Collected material:
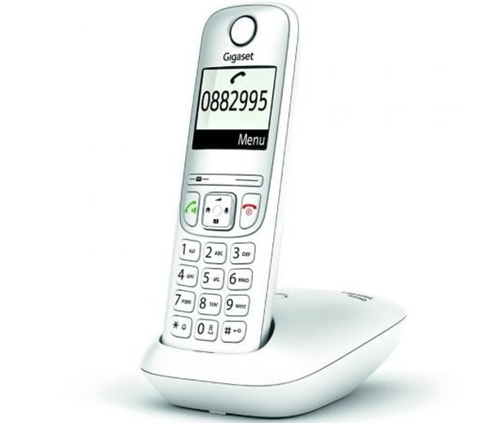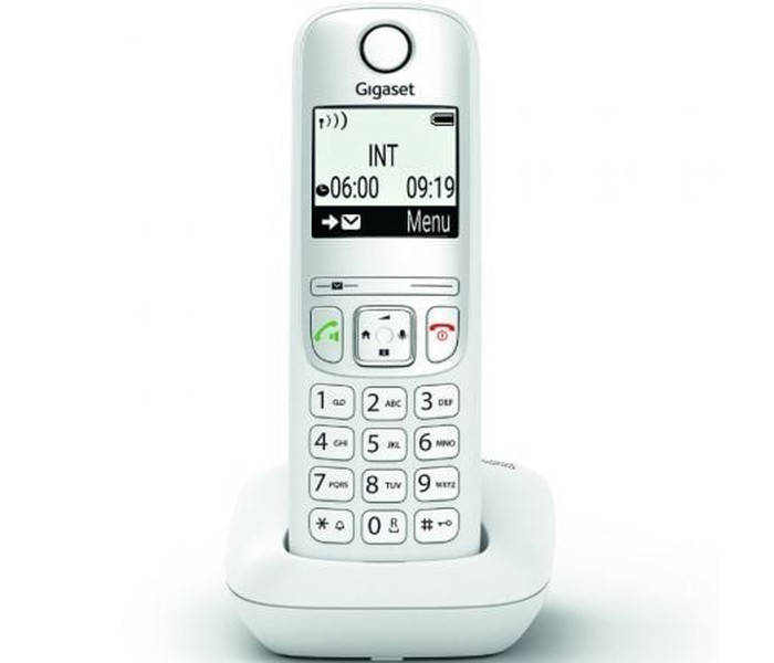 | Características | General - Terminal, alt x anch x prof en mm: 155 x 49 x 28- Conexión: Analógico - Standares DECT: DECT, GAP - ECO DECT: Reducción automática de transmisión de energía, Libre de radiación en modo standby, Bajo consumo de energía - Funciones: Fuents Jumbo Características adicionales - Tiempo en modo en espera hasta (h): 180 - Tiempo de conversación hasta (h): 14 - Número de registros en agenda telefónica (nombre/número): 100 - Función de alarma: Si - Call block function: Si - Blacklist (number of entries): 32 - Anonymous call suppression: Calls without CLIP number are only indicated visually: Si - Day / night mode: Timed ringtone deactivation on handset: Si - Señalización óptica de llamada (pantalla iluminada): Pantalla iluminada, La tecla de llamada parpadea - Número de terminales ampliables: 4 - Llamadas internas gratuitas: Si - Transferencia de teléfonos/libreta de direcciones interna a través de DECT (de terminal a terminal): Si - Transferencia interna de llamadas externas, llamada de conferencia, devolución de llamada: Si Sonido - Conversación manos libres: Sí - Conversación manos libres terminal / baset: Terminal - Volumen ajustable: Mediante el Menú - Número de tonos: 20 Teclado - Teclado iluminado: Si - Manejo sencillo con teclas de navegación: Si - Tecla de mensajes: Si Dimensiones y Peso - Terminal, peso incl. batería en g: 119 - Estación base, alt x anch x prof en mm: 44 x 88 x 105 - Estación base, peso en g: 70 - Cargador, alt x anch x prof en mm: 38 x 70 x 77 - Cargador, peso en g: 36 - Batería: 2 x NiMH AAA |
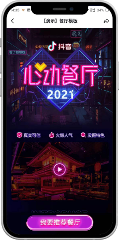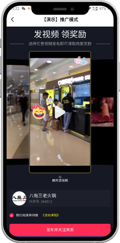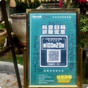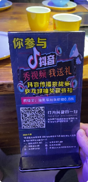 引导新老顾客用抖音无感扫码并发送视频,推送至社交圈
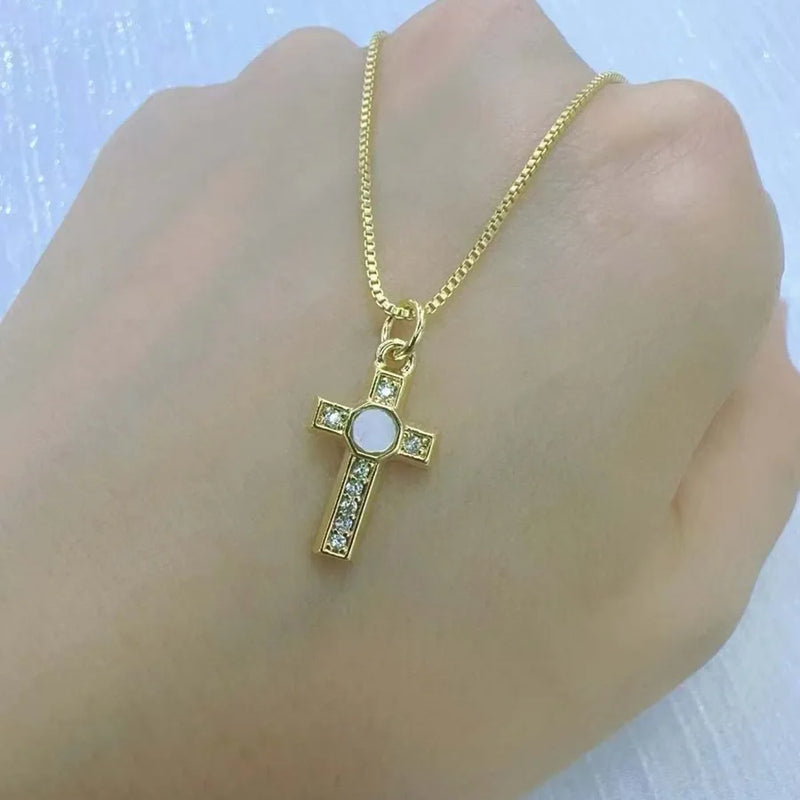 Wholesale Jewelry Casual Romantic Classic Style Cross Circle Copper Acrylic Zircon 18K Gold Plated Inlay box chain Pendant Necklace
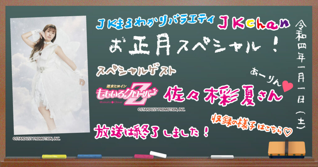 「JKchanお正月スペシャル」にももいろクローバーZの佐々木彩夏さん(あーりん)が登場しました!!

The task: Without the pictures, write out the whole listing exactly as it appears.

Output:
 | Características | General - Terminal, alt x anch x prof en mm: 155 x 49 x 28- Conexión: Analógico - Standares DECT: DECT, GAP - ECO DECT: Reducción automática de transmisión de energía, Libre de radiación en modo standby, Bajo consumo de energía - Funciones: Fuents Jumbo Características adicionales - Tiempo en modo en espera hasta (h): 180 - Tiempo de conversación hasta (h): 14 - Número de registros en agenda telefónica (nombre/número): 100 - Función de alarma: Si - Call block function: Si - Blacklist (number of entries): 32 - Anonymous call suppression: Calls without CLIP number are only indicated visually: Si - Day / night mode: Timed ringtone deactivation on handset: Si - Señalización óptica de llamada (pantalla iluminada): Pantalla iluminada, La tecla de llamada parpadea - Número de terminales ampliables: 4 - Llamadas internas gratuitas: Si - Transferencia de teléfonos/libreta de direcciones interna a través de DECT (de terminal a terminal): Si - Transferencia interna de llamadas externas, llamada de conferencia, devolución de llamada: Si Sonido - Conversación manos libres: Sí - Conversación manos libres terminal / baset: Terminal - Volumen ajustable: Mediante el Menú - Número de tonos: 20 Teclado - Teclado iluminado: Si - Manejo sencillo con teclas de navegación: Si - Tecla de mensajes: Si Dimensiones y Peso - Terminal, peso incl. batería en g: 119 - Estación base, alt x anch x prof en mm: 44 x 88 x 105 - Estación base, peso en g: 70 - Cargador, alt x anch x prof en mm: 38 x 70 x 77 - Cargador, peso en g: 36 - Batería: 2 x NiMH AAA |
 引导新老顾客用抖音无感扫码并发送视频,推送至社交圈
 Wholesale Jewelry Casual Romantic Classic Style Cross Circle Copper Acrylic Zircon 18K Gold Plated Inlay box chain Pendant Necklace
 「JKchanお正月スペシャル」にももいろクローバーZの佐々木彩夏さん(あーりん)が登場しました!!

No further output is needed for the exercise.